Lei è la bella tabaccaia di un bar sulla circonvallazione esterna di Milano, ritrovo abituale dei poliziotti delle Volanti all'ora del cambio turno. Lui è un uomo non più giovane, maltrattato dalla vita, fedina penale non proprio immacolata, ma che ora riga dritto. Abita vicino al bar-tabacchi, entra, la vede, resta folgorato. E il 7 marzo scorso le invia tre pagine di lettera, scritte fitte al computer, che la lasciano di sasso. «Dopo aver riso a crepapelle con le sue amiche - premette - cestini questa lettera», «non voglio mettere in difficoltà la sua vita». Ma io la amo, dice lo spasimante. Lei è la mia Dulcinea del Toboso, «e non potrei essere anch'io don Chisciotte e amare una donna segretamente? Però mi sono anche detto: pechè non dirglielo che è una bella donna, e che la desidero, cosa potrebbe esserci di male?».

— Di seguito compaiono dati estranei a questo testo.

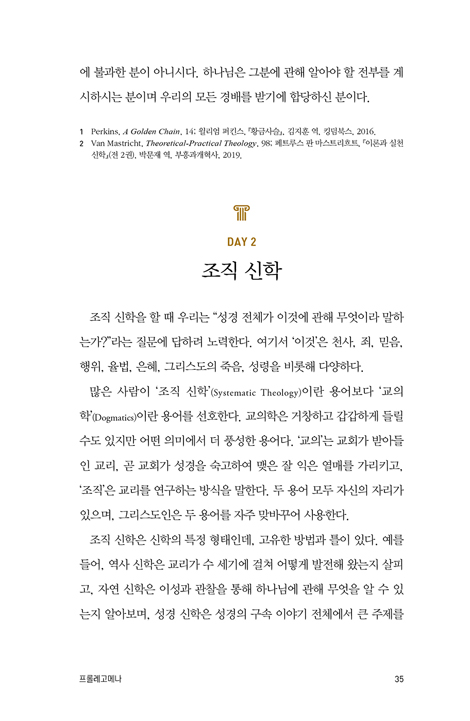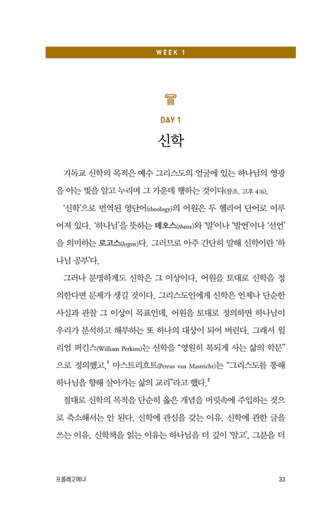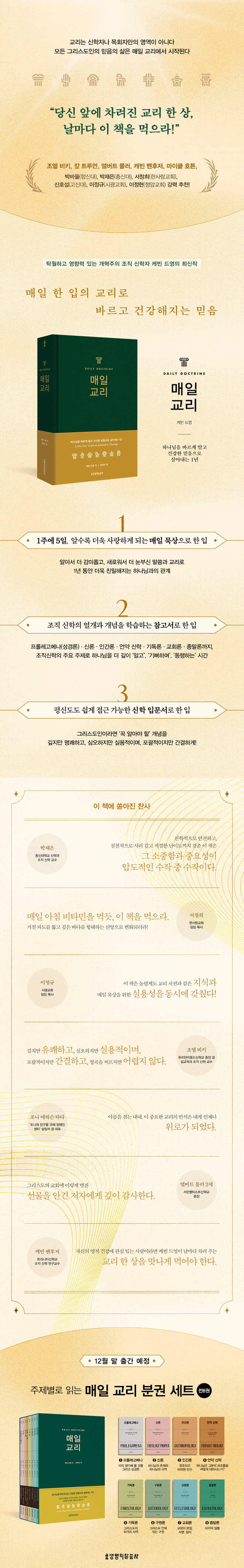 õ±¹¿¡ µé¾î°¡´Â µ¥ ÇÊ¿äÇÑ ÃÖ¼ÒÇÑÀÇ Áö½ÄÀÌ ¿ì¸®ÀÇ ¸ñÀûÀ̾´Â ¾È µÈ´Ù. ¿ì¸®´Â Çϳª´ÔÀÇ ¿µ±¤ÀÇ ¾ð´öÀ» º¸´Â µ¥¼­ Çϳª´ÔÀÇ ¿µ±¤ÀÇ »êÀ» º¸´Â µ¥·Î ¿Å°Ü °¡¾ß ÇÑ´Ù. ¿ì¸®´Â ÀÌ·± ÀÌÀ¯·Î ¹è¿ì¸ç, ÀÌ·± ÀÌÀ¯·Î ±³¸®°¡ ÇÊ¿äÇÏ´Ù. <¸ÅÀÏ ±³¸®>´Â ÇÁ·Ñ·¹°í¸Þ³ª(¼º°æ·Ð), ½Å·Ð, Àΰ£·Ð, ¾ð¾à ½ÅÇÐ, ±âµ¶·Ð, ±³È¸·Ð, Á¾¸»·Ð±îÁö Á¶Á÷ ½ÅÇÐÀÇ ÀüÅëÀûÀÎ ÁÖ¿ä ÁÖÁ¦·Î ±¸¼ºµÇ¾ú´Ù. Çϳª´ÔÀÇ ¿µ±¤ÀÇ »êÀ¸·Î ÀÌÁ¦ ¸· Ãâ¹ßÇÑ ±×¸®½ºµµÀο¡°Ô ¹Ï°í ÀÇÁöÇÒ Áöµµ°¡ µÇ¾î ÁÙ °ÍÀÌ´Ù.

Invece la tabaccaia la prende malissimo, e si capisce: perchè nella lettera anonima ci sono anche dettagli della sua vita privata, lo sconosciuto sa che è sposata, conosce il suo indirizzo di casa. Si sente messa nel mirino. Così porta la lettera anonima dai carabinieri. Risalire al mittente è impossibile. Ma pochi giorni dopo l'uomo esce allo scoperto: va al bar, fa la coda alla cassa, quando arriva il suo turno fa l'occhiolino alla donna. Per la tabaccaia è un attimo metterlo in relazione alla lettera. Sbircia l'auto parcheggiata li accanto, segna la targa. Pochi giorni dopo si ritrova l'uomo sotto casa, poi davanti al lavoro. Sembra il copione di altre storie finite tragicamente. La donna è sempre più allarmata. L'uomo viene identificato grazie alla targa, parte l'inchiesta della Procura. Il 4 maggio il pm chiede che scatti per lui il divieto di avvicinamento.

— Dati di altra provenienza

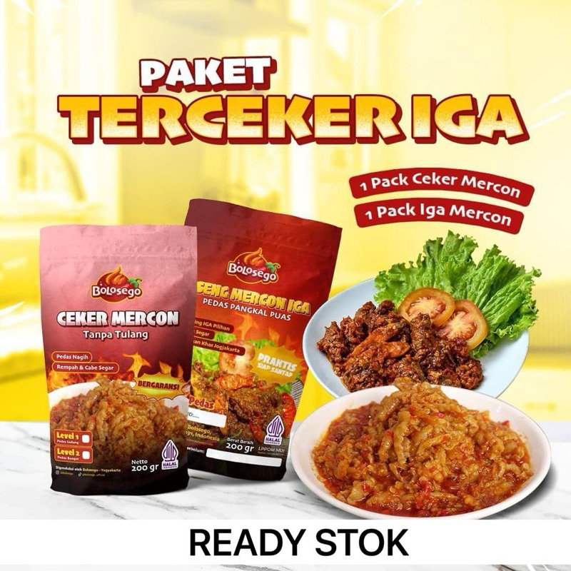 BOLOSEGO PAKET TERCEKER IGA - Oseng Mercon Daging Iga Sapi + Ceker Mercon - Halal dan Bergaransi

Ma una settimana dopo, l'11 maggio, il giudice preliminare Sara Cipolla respinge la richiesta. Per il reato di stalking, scrive, «è necessaria una pluralità di atti di minaccia o molestia». Qui invece, c'è solo la lettera alla donna: «dal contenuto si desume che l'uomo intende rimanere un suo ammiratore segreto, che non intende turbare la serenità del suo matrimonio, e che con tale gesto abbia semplicemente desiderato esternarle il suo amore». Che poi l'uomo abbia continuato a presentarsi al bar non vuol dire nulla: «Si è limitato ad accedere in un luogo pubblico, come faceva da oltre un anno, per consumare il caffè». Gli incontri sotto casa possono ben spiegarsi: l'uomo ha un box nella stessa via.
E l'ansia, i patemi della donna? Perché si possa parlare di stalking per il giudice Cipolla
«non basta la sensazione di mero fastidio o irritazione». Così il sedicente don Chisciotte, difeso dall'ottimo avvocato Angelo Colucci, si vede prosciogliere. Sperando che si decida comunque a lasciare in pace la signora.